Читаем Реквием разлучённым и павшим полностью

Некоторые «мамки» жили подолгу в родильном доме, они становились «няньками». Большей частью это были женщины, дети которых умирали вскоре после рождения, не оправдав надежд своих матерей на свободу.

Под благовидными предлогами, с благосклонного неведения начальства, приезжали на лечение в сангородок «мужья» из числа отличников производства. Бывало изредка, что приезжали и отцы к детям с немудреными подарками, чтобы вместе поплакать и погадать — сколько еще остается до выхода на свободу.

«Мамки» скучали без «мужей». Наличная мужская обслуга была поголовно «занята», поэтому многие «мамки» сами подготавливали себе «мужа» из числа присланных на лечение «доходяг». Иногда одного «доходягу» подкармливали две — три «мамки», но не всегда их расчеты оправдывались. «Доходяги» из заключенных знали, что при уличении в сожительстве их ожидал отдаленный лагпункт, и потому на постоянную связь отваживались не все.

Алтайский имел лоход от «мамок» как гробовых дел мастер. О том, что он непригоден как «жених», Юрий честно сказал сразу нескольким «невестам», которые, как он видел, положили на него глаз. Для женщин это было не совсем понятно: по обязанностям художника зоны ему полагалось «жениться» — как-никак, обслуга, а не больной. Гробовых дел мастером Алтайский стал совершенно неожиданно для себя. Это случилось, когда он вырезал по просьбе одной из «мамок» на березовой дощечке надпись для установки на могиле.
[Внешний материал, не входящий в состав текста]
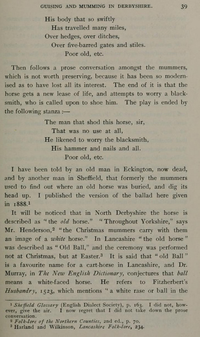 Addy, S. O., “Guising and Mumming in Derbyshire“, Journal of the Derbyshire Archaeological and Natural History Society, XXIX, Jan 1907, pp.31-42.
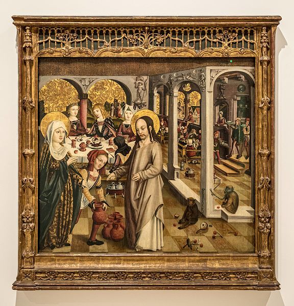 Не смотря на появление светской тематики, базовыми остаются алтарные сюжеты и религиозные образы. Интернациональная готическая живопись схожа с иконописью – особенно, наличием золотого фона, прописями золотом.

Блестящая, покрытая канифольным лаком дощечка с грамотной надписью, сделанной красивым шрифтом, который не смоет ни дождь, ни снег, — все это очень понравилось и самой заказчице и другим «мамкам». Младенцы умирали часто, поэтому на недостаток работы жаловаться не приходилось. А есть работа — значит, есть и еда. Правда, тушонки и яичного порошка Алтайский так и не попробовал, но ржаной хлеб, баланда и каша из соевого жома доставались ему нередко.

Наконец, наступил день, когда и его вызвали на следствие. Направляясь в следственный изолятор, Амазонку, как его называли заключенные, Алтайский испытывал чисто животный страх, не поддававшийся контролю разума, — это был страх перед голодом, который может настичь его вновь.

Пока дежурный надзиратель в изоляторе принимал Алтайского, он огляделся. Сени и коридор, делят изолятор поровну, в коридоре четыре глухие двери с тяжелыми засовами, за ними — камеры, в конце коридора печь. Удушливый и специфический тюремный запах-меланж: грязных одежд, пыли, клопов, нечистых параш и людей.

Был слышен смутный говор. Из одной камеры его окликнули:

— Юра, давай к нам!

Надзиратель больше для вида обыскал Алтайского.

— Туда, что ли? — спросил он, указывая на камеру, из которой окликнули Алтайского.

Тот согласно кивнул головой. Когда тяжелая дверь лязгнула за ним засовом, Алтайский утонул во мраке и море обостренных тюремных запахов. Перед носом он мутно различил верхний ярус сплошных нар, выше которых из маленького обрешеченного оконца пробивался свет.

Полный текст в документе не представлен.